A colorful, conservative Supreme Court justice outlined his philosophy and responded to questions at KU's law school.
Supreme Court Justice Antonin Scalia, a devout "textualist" in legal jargon, allowed Kansas University law students Thursday an opportunity to examine the fabric of his judicial philosophy.
He told about 300 students in a Green Hall classroom that he would answer their questions if they were willing to listen to his lecture on constitutional interpretation.
"I have most of the answers," he said.
Those answers are set forth in the U.S. Constitution, which has guided Scalia's opinions since appointment to the Supreme Court by President Reagan in 1986.
He described himself as a textualist, which refers to a person who believes the job of a judge is to apply the actual language of the Constitution rather than search for other meanings.
"The Constitution has a meaning which does not change," he said.
He urged law students to reject popular judicial orthodoxy that suggested judges should view the Constitution as an evolutionary document that reflected intellectual fashion.
It's not the judicial branch's duty to make law; that should be left to legislators, he said. Politicians -- not men and women in black robes -- were paid to check the nation's pulse and vote on standards for abortion, flag burning, right-to-die and other issues not addressed by the Constitution, he said.
"I haven't had a beer with the boys down at the corner for years. It's a legislative function," Scalia said.
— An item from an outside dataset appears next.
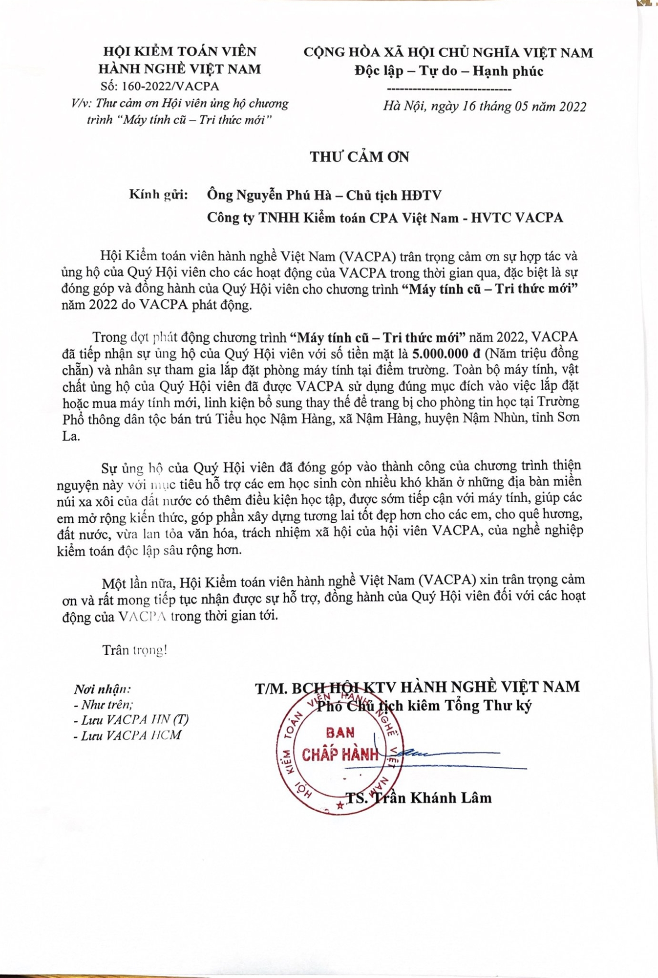 Thư Cảm ơn của Hội Kiểm toán viên hành nghề Việt Nam.

He said judges who insisted their goal was to bring enough flexibility into constitutional law to keep the document from snapping were actually introducing rigidity to the system.
"These people don't want flexibility," Scalia said. "They want their way. And they want their way through the courts -- coast to coast."
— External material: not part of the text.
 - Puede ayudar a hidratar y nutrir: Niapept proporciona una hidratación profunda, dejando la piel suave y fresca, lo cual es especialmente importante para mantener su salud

In response to questions, Scalia displayed wit, energy and fondness for oral argument -- especially with students who disagreed with his views.
"They don't have a philosophy," he said. "They just don't like me."
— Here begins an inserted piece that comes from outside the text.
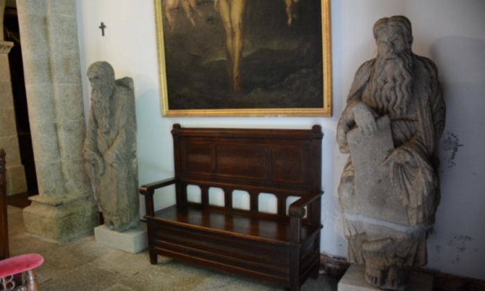 As esculturas do Mestre Mateo espoliadas polos Franco volverán a Santiago o 11 de decembro e exporanse no Museo do Pobo Galego. A alcaldesa da capital galega, Goretti Sanmartín, sinala nun vídeo divulgado este xoves que o 20N, aniversario da morte do ditador, é "un día magnífico" para anunciar o retorno dende Meirás das pezas que o Concello de Santiago conseguiu recuperar tras un longo litixio xudicial contra os herdeiros do xeneral golpista. Na imaxe, as esculturas procedentes da composición orixinal do Pórtico da Gloria, no Pazo de Meirás.

He said the Supreme Court confirmation process was so infested with politics that it had become difficult to get textualists like himself past the Senate.
"I'll continue to fight the good fight," Scalia said. "I've enjoyed it. I'm not there for the money."
Scalia, who also has worked in private practice, the U.S. Justice Department and the University of Chicago, said the Supreme Court was his best job to date.
"I'm not sure I'm going to do it forever. I like being a judge. There's no heavy lifting," he said.
Asked about the behavior of lawyers who argue cases before the Supreme Court, Scalia said a big issue was lack of clear thinking.
"It's a problem of the attorney not realizing he's making no sense at all. He's full of confidence. Nothing else," he said.
Scalia said too many of the country's best and brightest students were studying law. That's a reflection of a society overburdened by complicated laws.
He was able to spend time at KU because he spoke Wednesday in Kansas City, Mo., to a non-profit Catholic group.
Scalia was the second Supreme Court justice to visit KU this year. Justice Clarence Thomas lectured in April. His speech followed a talk by retired Justice Byron White.